Exercise instructions -> Among the lines below, restate word for word only those from the line with "下午2:30,比赛正式开始,十组选手按抽" through the line with "Step 1: Subscribers", with both end lines kept.

Material shown ->
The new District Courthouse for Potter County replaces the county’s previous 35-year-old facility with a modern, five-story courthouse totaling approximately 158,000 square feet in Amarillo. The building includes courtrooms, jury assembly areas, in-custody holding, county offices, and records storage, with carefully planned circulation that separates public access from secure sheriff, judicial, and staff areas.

* * *

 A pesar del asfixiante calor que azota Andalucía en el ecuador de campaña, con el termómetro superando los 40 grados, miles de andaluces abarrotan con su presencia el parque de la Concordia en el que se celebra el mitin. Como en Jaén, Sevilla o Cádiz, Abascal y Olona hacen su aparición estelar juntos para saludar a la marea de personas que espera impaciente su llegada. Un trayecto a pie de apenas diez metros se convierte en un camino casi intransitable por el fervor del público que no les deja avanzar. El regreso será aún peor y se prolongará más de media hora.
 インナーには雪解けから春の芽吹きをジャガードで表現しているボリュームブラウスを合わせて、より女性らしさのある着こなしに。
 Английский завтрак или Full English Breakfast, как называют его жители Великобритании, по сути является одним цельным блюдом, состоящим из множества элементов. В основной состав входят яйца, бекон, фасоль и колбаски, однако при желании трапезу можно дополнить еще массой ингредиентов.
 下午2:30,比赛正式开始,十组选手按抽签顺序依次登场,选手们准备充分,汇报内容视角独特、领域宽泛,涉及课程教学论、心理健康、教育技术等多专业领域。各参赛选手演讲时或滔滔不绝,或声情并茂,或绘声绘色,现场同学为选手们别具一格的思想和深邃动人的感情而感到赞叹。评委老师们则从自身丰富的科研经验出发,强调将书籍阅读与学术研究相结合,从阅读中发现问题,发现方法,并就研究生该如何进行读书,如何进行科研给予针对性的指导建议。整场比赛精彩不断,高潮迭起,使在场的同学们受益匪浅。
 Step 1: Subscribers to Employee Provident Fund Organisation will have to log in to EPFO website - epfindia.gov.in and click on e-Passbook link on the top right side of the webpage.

Response to this exercise ->
 下午2:30,比赛正式开始,十组选手按抽签顺序依次登场,选手们准备充分,汇报内容视角独特、领域宽泛,涉及课程教学论、心理健康、教育技术等多专业领域。各参赛选手演讲时或滔滔不绝,或声情并茂,或绘声绘色,现场同学为选手们别具一格的思想和深邃动人的感情而感到赞叹。评委老师们则从自身丰富的科研经验出发,强调将书籍阅读与学术研究相结合,从阅读中发现问题,发现方法,并就研究生该如何进行读书,如何进行科研给予针对性的指导建议。整场比赛精彩不断,高潮迭起,使在场的同学们受益匪浅。
 Step 1: Subscribers to Employee Provident Fund Organisation will have to log in to EPFO website - epfindia.gov.in and click on e-Passbook link on the top right side of the webpage.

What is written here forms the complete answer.